Wednesday, January 20, 2021

A 'New' New Deal

 Popular Economics Weekly


Even before his inauguration, the Biden administration announced its ‘new deal’ for a new administration doing government’s business as we recover from the worst recession since the Great Depression of the 1930s. Yes, this is the worst of the worst as the FRED graph dating from 1950 shows. Only government at such a time of need can provide aid to businesses and working Americans.

President Biden’s first priority will be closing the income inequality gap that has persisted since the 1970s when most of the fruits of increased productivity and technology were kept by the owners of capital rather than paid to their employees.

This is when we have just witnessed one of the consequences of that inequality, as I said last week—the storming of the US Capital by extreme-right terrorists bent on overthrowing our duly-elected government that was verifying the electoral victory of President-elect Joe Biden and Vice president-elect Kamala Harris.
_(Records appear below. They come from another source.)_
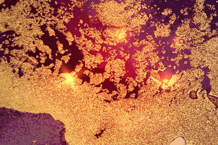 Gout crystals deposits in the kidney tissue under the microscope 100x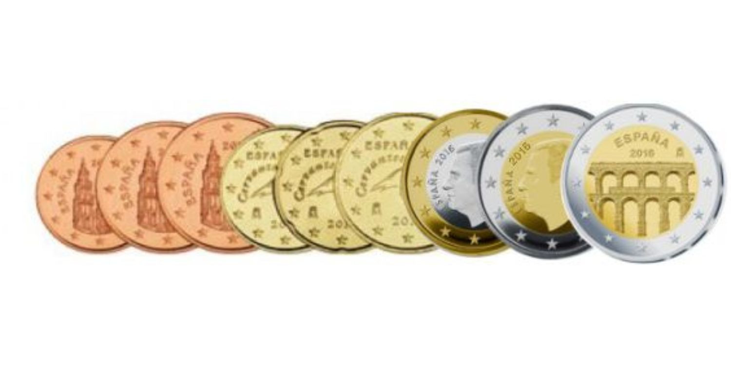 Serie con las 9 monedas de circulacion acuñadas en 2016,. Calidad SIN CIRCULAR. Incluye la monedas de 2 € conm. de "ACUEDUCTO DE SEGOVIA"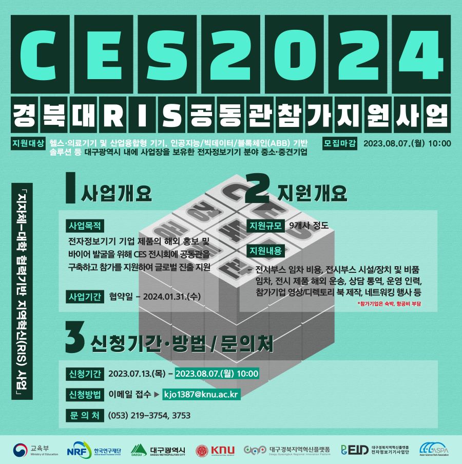 「지자체-대학 협력기반 지역혁신(RIS) 사업」의 일환으로 "CES 2024 경북대 RIS 공동관 참가 지원 사업"을 시행하오니 관심 있는 전자정보기기 분야 기업들의 많은 참여 바랍니다.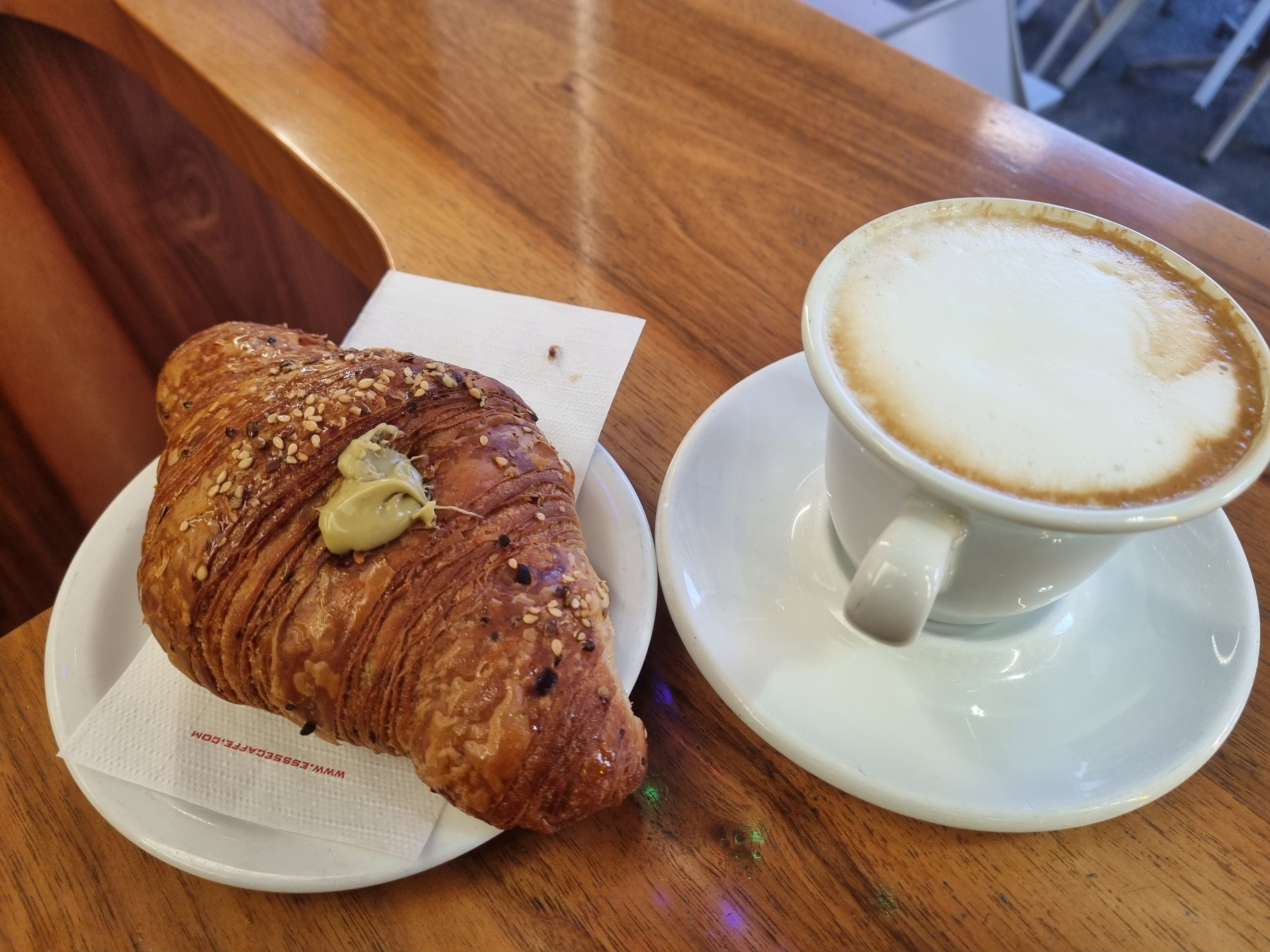 Cappuccino e brioche integrale al pistacchio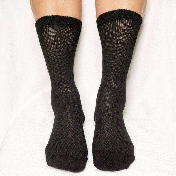 Pedisil diabetes sokken van 100% katoen zijn uitgebreid getest, hebben een preventieve werking en helpen voetcomplicaties bij diabetes te voorkomen. De sokken zijn speciaal voor diabetische voeten geweven uit duurzaam katoen. Vanaf de enkel zijn geen drukpunten naar boven toe, de sokken zijn anatomisch gevormd rondom de enkel en gewrichten en met platte naden gemaakt zodat deze niet voelbaar kunnen zijn. Ze zijn extra gevoerd, comfortabel en warm. Het garen van de diabetische sokken van Pedisil zorgt voor een betere doorbloeding en een hoger zuurstofniveau in de huid.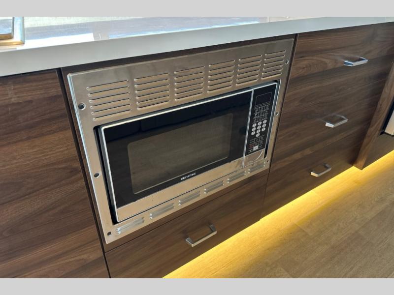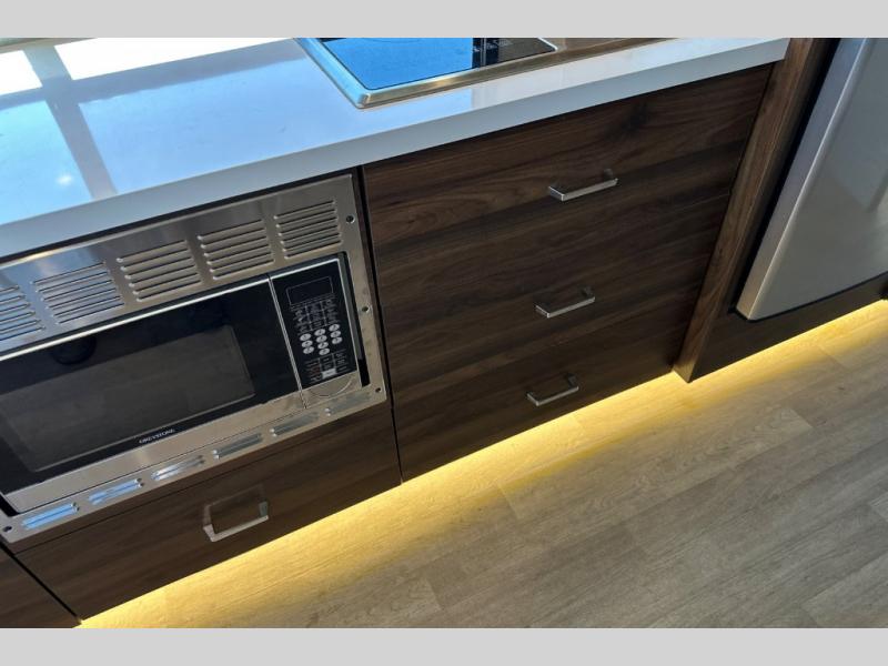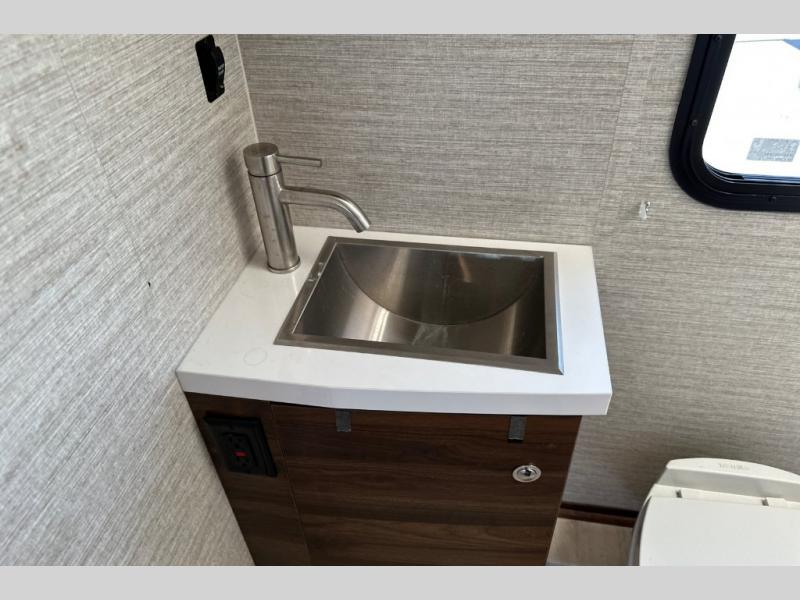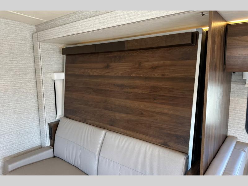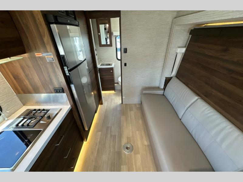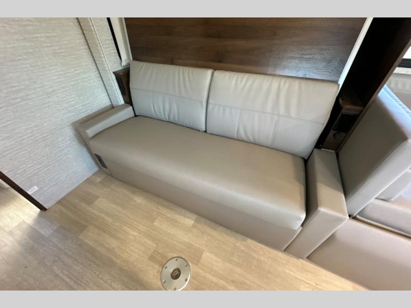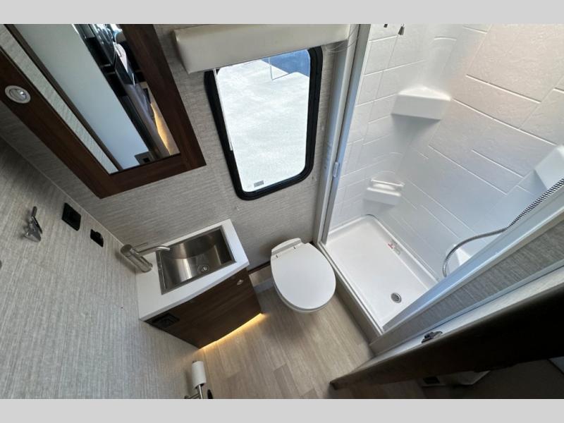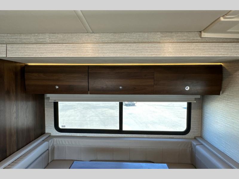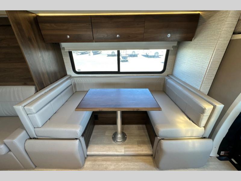 A couple or family will enjoy the look of the interior each time they take this View Class C diesel motorhome on the road. With the curved cabinets, the lighted soft-close galley drawers, and the sprung-cushion dinette and sofa seats, there will surely be a favorite feature for everyone. You will be able to easily set up the queen Murphy+ bed when it's time for bedtime while the kids sleep on the bunk above the cab or the U-shaped dinette. You might like to add the theater seating option with swivel tables if you don't need that extra sleeping space. Everyone can get cleaned up in the full rear bathroom that has a space-saving sliding door before making meals with full kitchen amenities including a convection microwave/oven.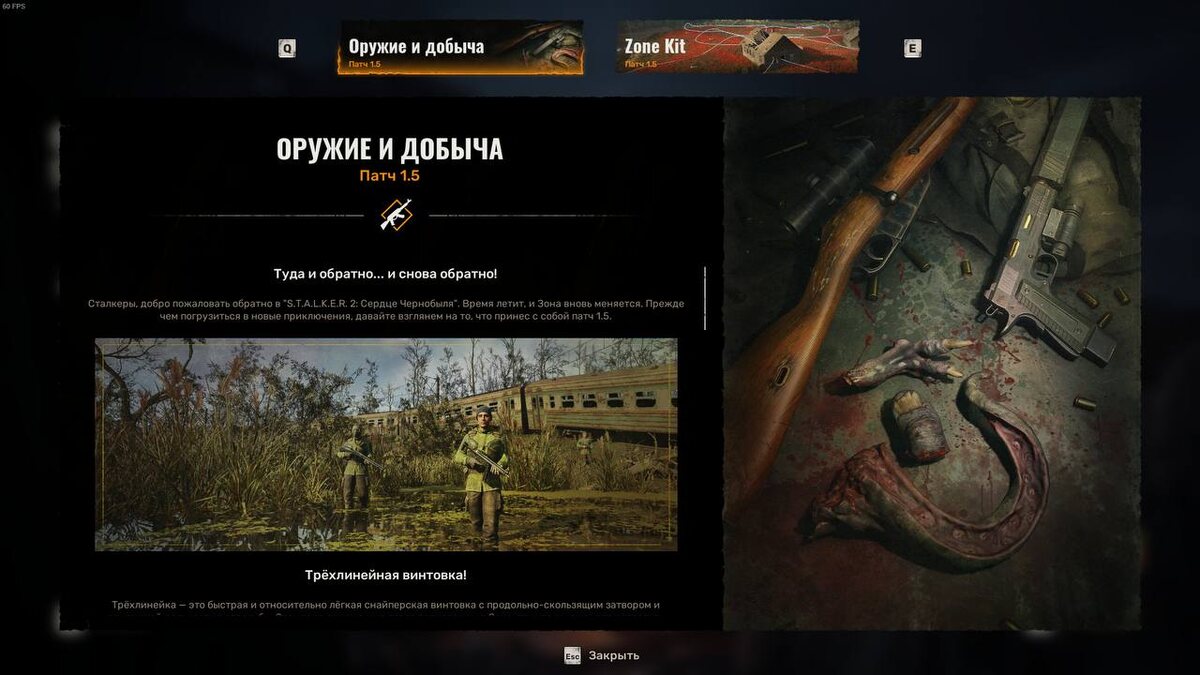 ☢️ Обзор нововведений патча 1.5 для S.T.A.L.K.E.R. 2: Сердце Чернобыля из главного меню игры.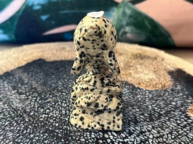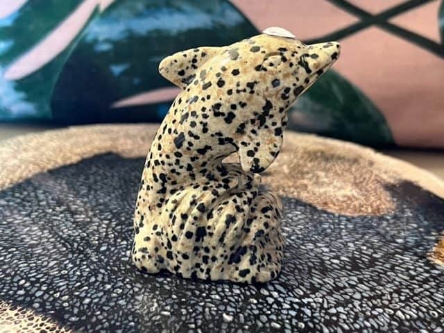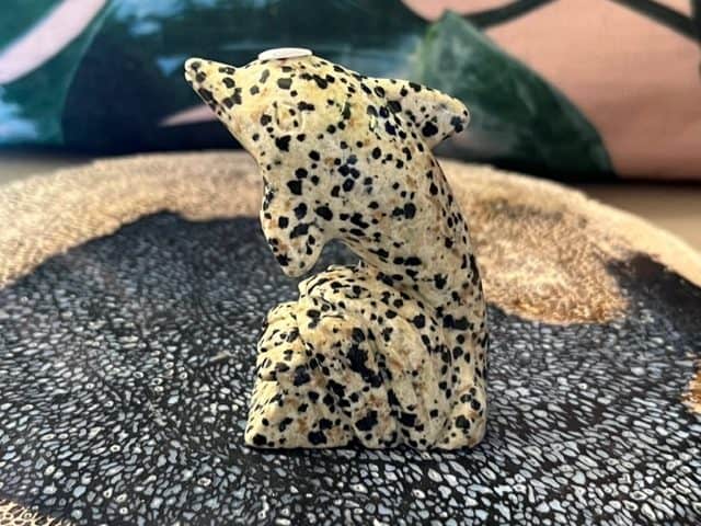 Dalmatiër jaspis werkt opbeurend en geeft energie. Hierdoor kan het depressie verminderen en nachtmerries verminderen. Fysiek heeft het een positieve werking op het kraakbeen, de zenuwen, verstuikingen en reflexen.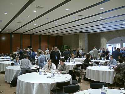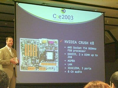 После очередного перерыва последовала презентация NVIDIA. При всем желании не смог бы утверждать, что небольшое шоу, показанное в рамках демонстрации возможностей GeForce FX, оставило зал равнодушным, но все же пересказывать его не стану, так как и информация о подобной презентации в Москве, и детальнейшее исследование нового видеоускорителя уже приведены на сайте и выполнены куда более компетентными в этом вопросе спецами нашей «Видеосистемы». То же самое относится и к представлению nForce2, так как наши читатели уже могли подробно познакомиться с этим чипсетом в статьях сайта.
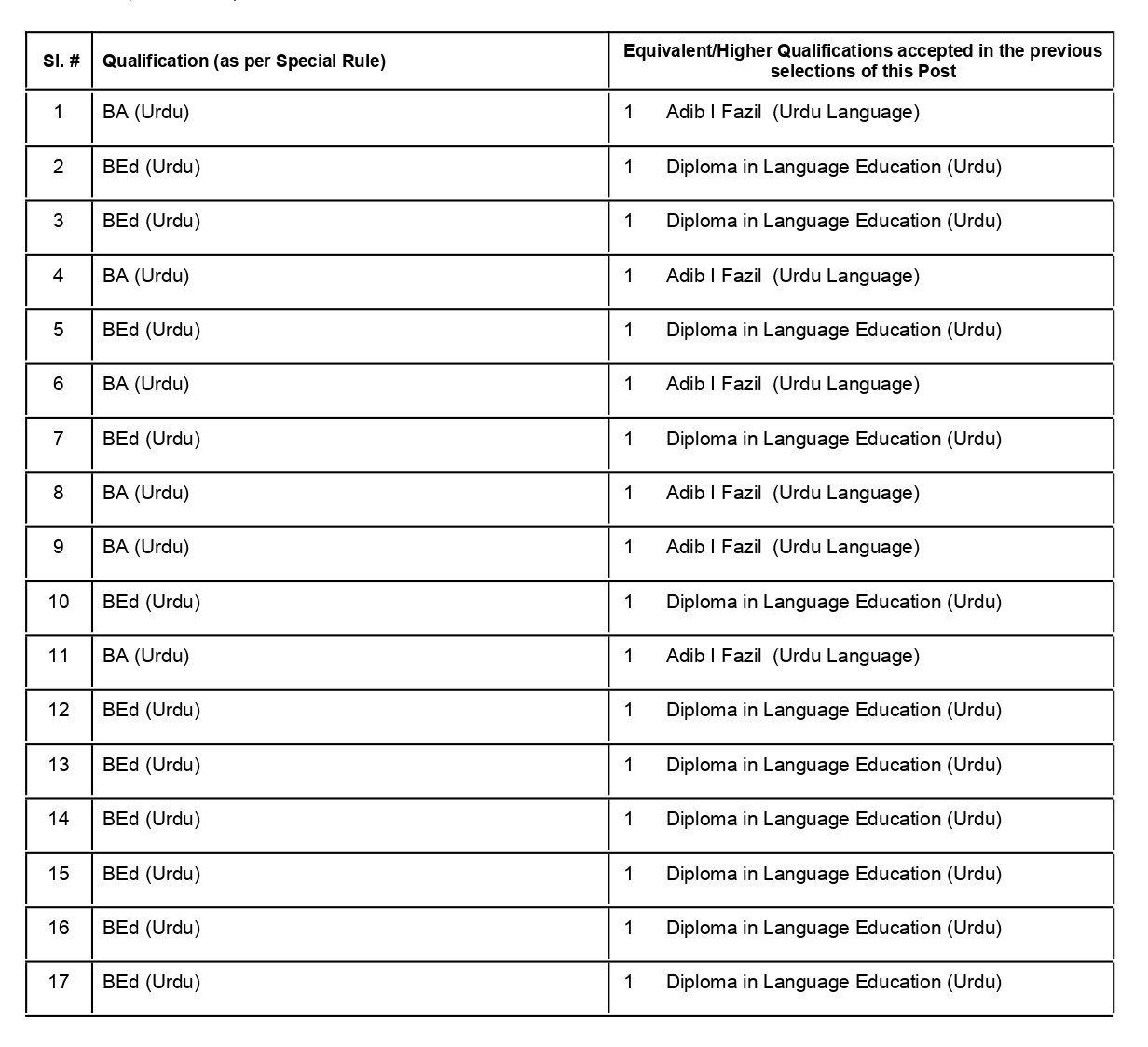 A Degree in Urdu and B.Ed/B.T/L.T conferred or recognized by the universities in Kerala.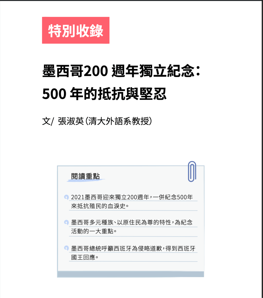 〈墨西哥200 週年獨立紀念:500 年的抵抗與堅忍〉,《英語島》,2021 年 9 月。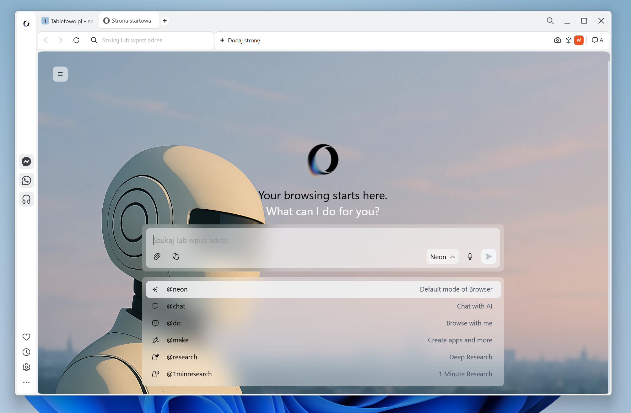 Opera Neon to płatna przeglądarka internetowa. Cała skupiona wokół AI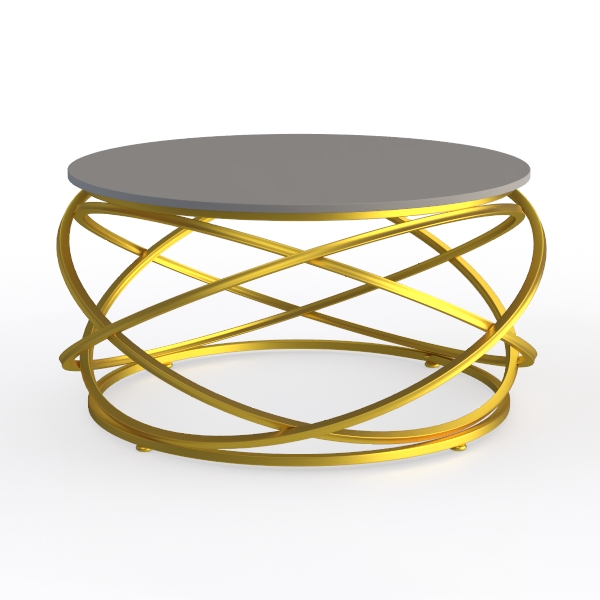 Inspired by architectural curves and minimalist art, this center table features a sleek gold metal frame with a smooth, polished finish. Intersecting lines create a light yet sturdy structure, while a cool gray marble-like top adds a neutral contrast. Ideal for modern, minimalist, or contemporary living rooms, it pairs seamlessly with neutral-toned sofas and metallic accents, offering a spacious surface to hold decor or daily items, balancing elegance with practicality.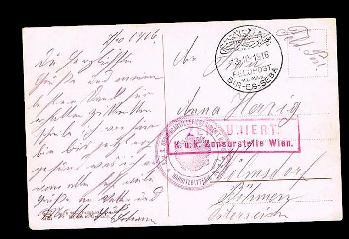 "AUSTRO-HUNGARIAN MOUNTAIN--ARTILERY REGIMENT 6, HOWITZER BATTERY 2"" handstamp on Picture Postcard, MAILED Oct. 13, 1916, mailed through the German Military Mission Field post in BIR-ES-SHEBA to Bohemia, censored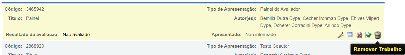 Se o trabalho duplicado foi submetido por outra pessoa e não pelo mesmo(a) autor(a) que submeteu o primeiro trabalho, você pode estar cadastrando essa essa outra pessoa como coautor(a) no trabalho correto. Para isso, siga os seguintes passos:

Here is what the Biden administration is proposing to Congress:

  • · Direct payments of $1,400 to most Americans, bringing the total relief to $2,000, including December’s $600 payments
  • · Increasing the federal, per-week unemployment benefit to $400 and extending it through the end of September
  • · Increasing the federal minimum wage to $15 per hour
  • · Extending the eviction and foreclosure moratoriums until the end of September
  • · $350 billion in state and local government aid
  • · $170 billion for K-12 schools and institutions of higher education
  • · $50 billion toward Covid-19 testing
  • · $20 billion toward a national vaccine program in partnership with states, localities and tribes
  • · Making the Child Tax Credit fully refundable for the year and increasing the credit to $3,000 per child ($3,600 for a child under age 6)

It is a lot to ask of American taxpayers with more than $3 trillion already appropriated to keep the United States from sinking even deeper into a long term depression. Cash payments and extended unemployment benefits will boost incomes, while raising the minimum wage will double what was a starvation-level minimum wage to $2,580/month with a 40-hour week that barely rectifies the disparity.

Less obvious is the child tax credit that makes childcare more affordable as well as improving K-12 education. A huge income and opportunity gap has yawned between high school and college educated citizens, which has caused an alarming increase in “deaths of despair” from alcohol and drug abuse among high school-educated, unemployed males that have suffered from the pandemic.

Incoming Treasury Secretary Janet Yellen at her confirmation hearing said, “It will be my core focus if I’m confirmed as Treasury secretary to focus on the needs of American workers, those living in cities and rural areas, and to make sure that we have a competitive economy that offers good jobs and good wages.”

The coronavirus pandemic has reinforced the need for an economic science that recognizes the needs of all Americans. As many have said before, we are all poorer if we ignore the plight of the poorest.